Wednesday, March 23, 2005

The NSPCC Needs To Be Stopped. Full Stop

Richard Webster's new book on the Bryn Estyn affair is out. In it he describes "the greatest series of miscarriages of justice in recent British history – how innocent lives have been destroyed, the public deceived and millions of pounds wasted in a witch-hunt against innocent people".

More detail on his excellent site, as well as the title link, to Dea Birkett's demolition of the NSPCC.

As readers may have gathered, I'm not a big fan of social workers. Indeed, when then-Southampton manager Dave Jones was accused, I thought 'Social worker. Liverpudlian' and would have given him ten years on those two counts alone (mea culpa - he actually seems to be a fine chap and conducted himself with tremendous dignity during his ordeal). But the more I read of Mr Webster's work the more convinced I am that grave injustice has been done to hundreds, if not thousands of social workers, who are, after all, God's children.
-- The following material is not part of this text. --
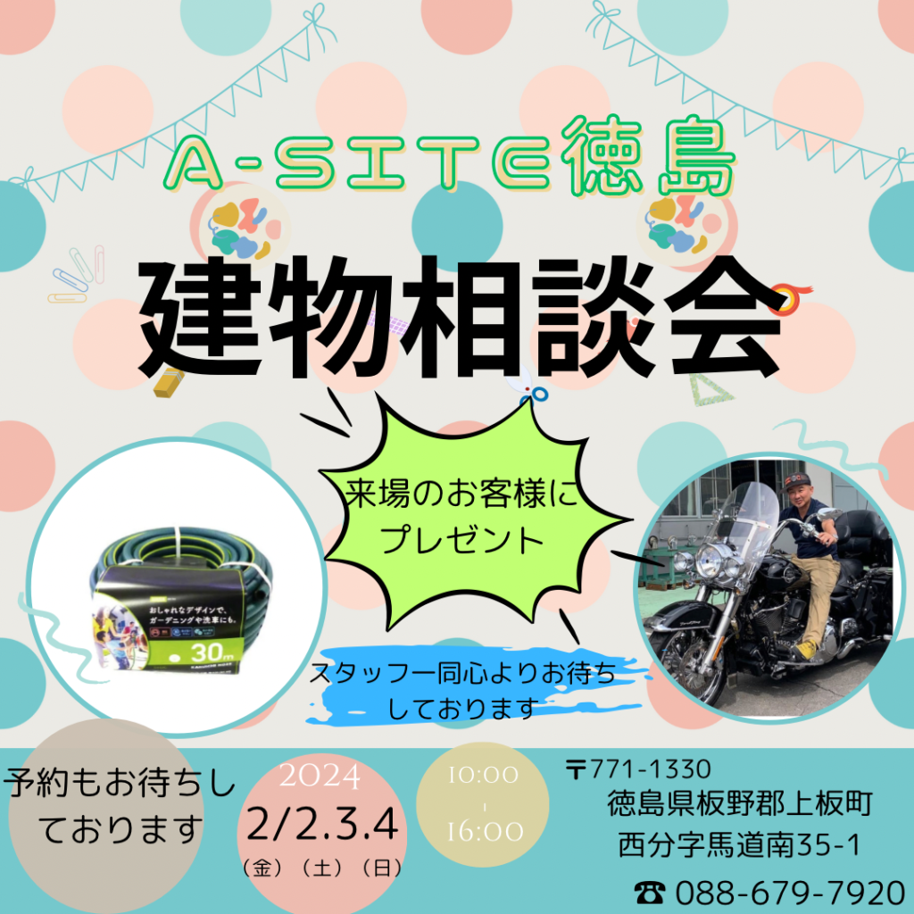 それでは、大切なお知らせです。2月2日・3日・4日の3日間開催の「建物相談会」のお知らせです。

Webster's book is released as in Rochdale, an apparently innocent man is murdered after being accused of being a paedophile.

Naturally the Independent is blaming 'the right' for the killing.

Rising hostility toward minority groups, clamour for tough sentences against offenders and a sinister desire for retribution are being driven by an increasingly prevalent right-wing agenda.

Yet I don't remember the Indie, who have contributed towards the jailing of dozens of innocent people, and the wrecking of the lives of hundreds more, campaigning against false accusations of paedophilia at children's homes. Indeed, in 1994, a retired police officer was awarded £375,000 against the Independent On Sunday after they implied he was a paedophile. The Observer repeated the allegations.

The Independent was a key player in the Bryn Estyn affair.

In a powerful campaign, carried out over a period of some three months, the Independent now published a series of news stories, features and leaders whose apparent aim was to create a sense of national outrage over what had happened.

Largely because of the campaign conducted by the Independent, a sense of crisis gradually developed, and, on 17 June 1996, an evidently reluctant government was forced to announce the public inquiry which had been demanded.

The BBC is also implicated in false accusations.

You can get the true believer's view, so assiduously fed by the Independent, as sensible sites like this one, or at David Icke's.